Accessing Network Ports in the Container
In the JSDetox example above, the application listens on TCP port 3000. In its default configuration, JSDetox listens on localhost, which would make its port inaccessible from outside its Docker container. This is why we launched JSDetox with the -l $HOSTNAME parameter. This directed the application to listen on the network interface that could be accessed from outside the container.
Unless the user explicitly requests access to the container's port when launching its image, no ports will be accessible from the underlying system. Fortunately, Docker allows us to use the -p parameter to specify that a specific port within the container should be accessible from outside the container.
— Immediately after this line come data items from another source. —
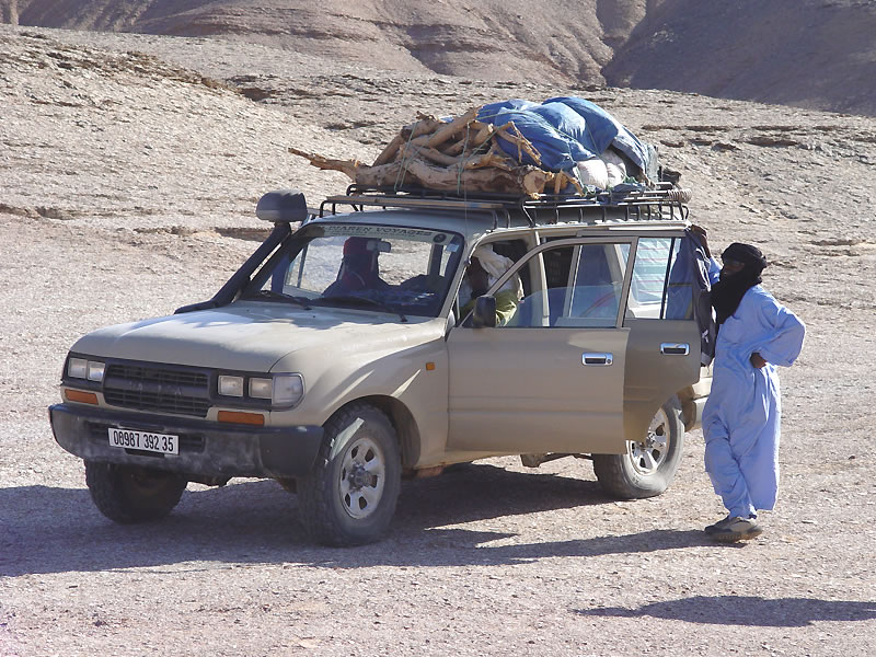 Ensuite en route pour la Tadrart (massif montagneux à 200km de pistes de Djanet). La voiture est chargée pour une semaine: bois, eau, vivres et bagages. Nous sommes pris en charge par 3 personnes: un conducteur (Saad), un cuisinier (Abdel Kader) et un guide (Abdelah).Previous | Home | Next |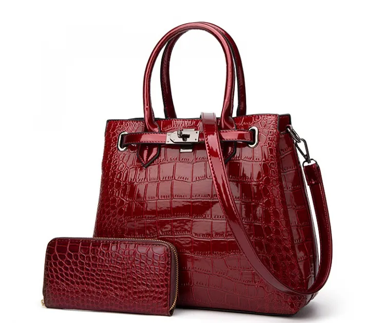 Spring patent leather shoulder bag 2pcs set for women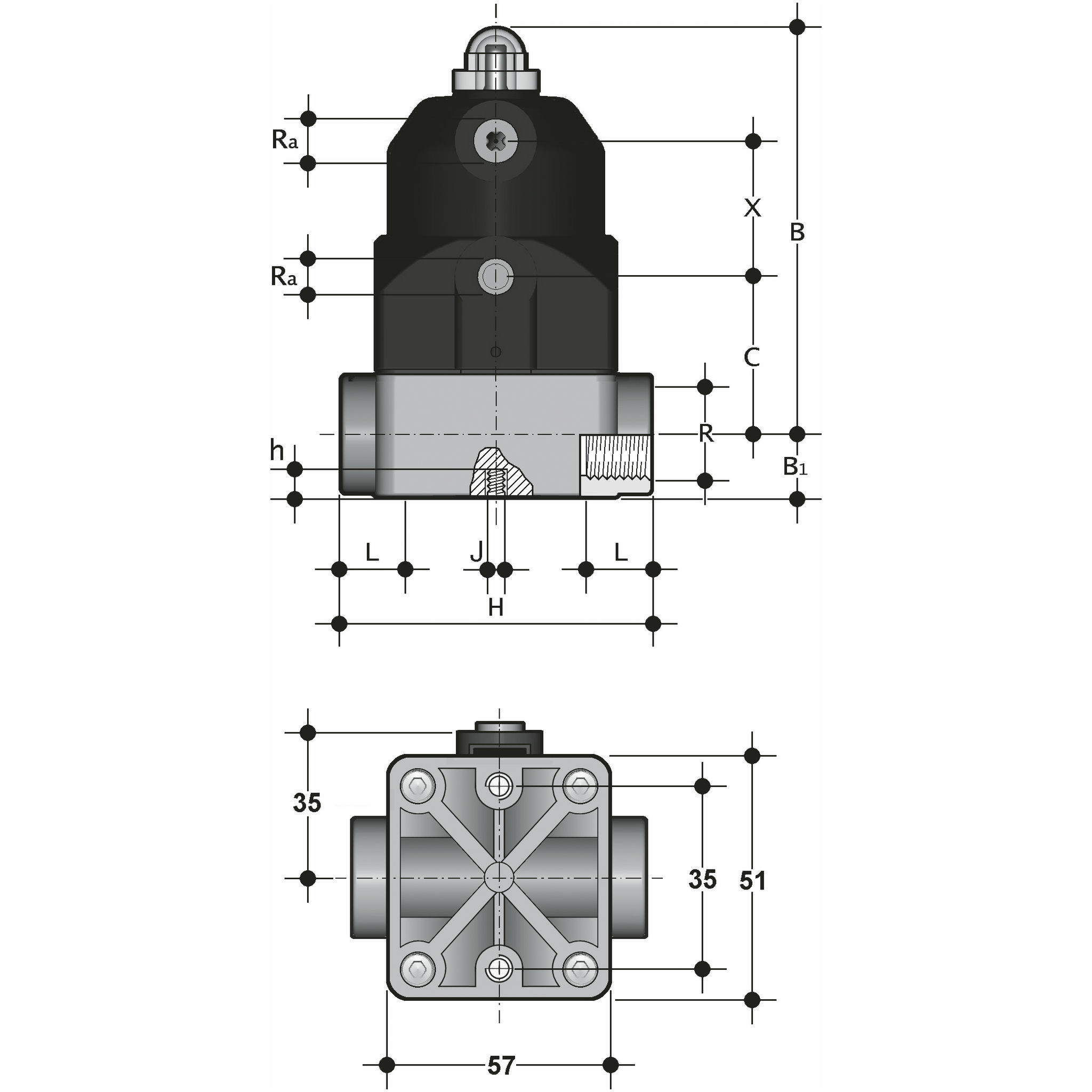 PVC-U Membranventil, indvendig gevind, pneumatisk (DA) DN12-15 EPDM

For example, to access JSDetox’ port 3000, the user needs to specify -p 3000:3000. This maps the container’s port 3000 to the underlying host’s port 3000, allowing the user to communicate with JSDetox by connecting to http://localhost:3000 using a web browser.
Sharing Files with the Container
There is no need to share files with JSDetox inside the container by using the file system, because this application interacts with the user through the web browser. In contrast, some files expect the user to provide input or share output via the file system. Docker supports the -v parameter to share a directory between the underlying host and the container.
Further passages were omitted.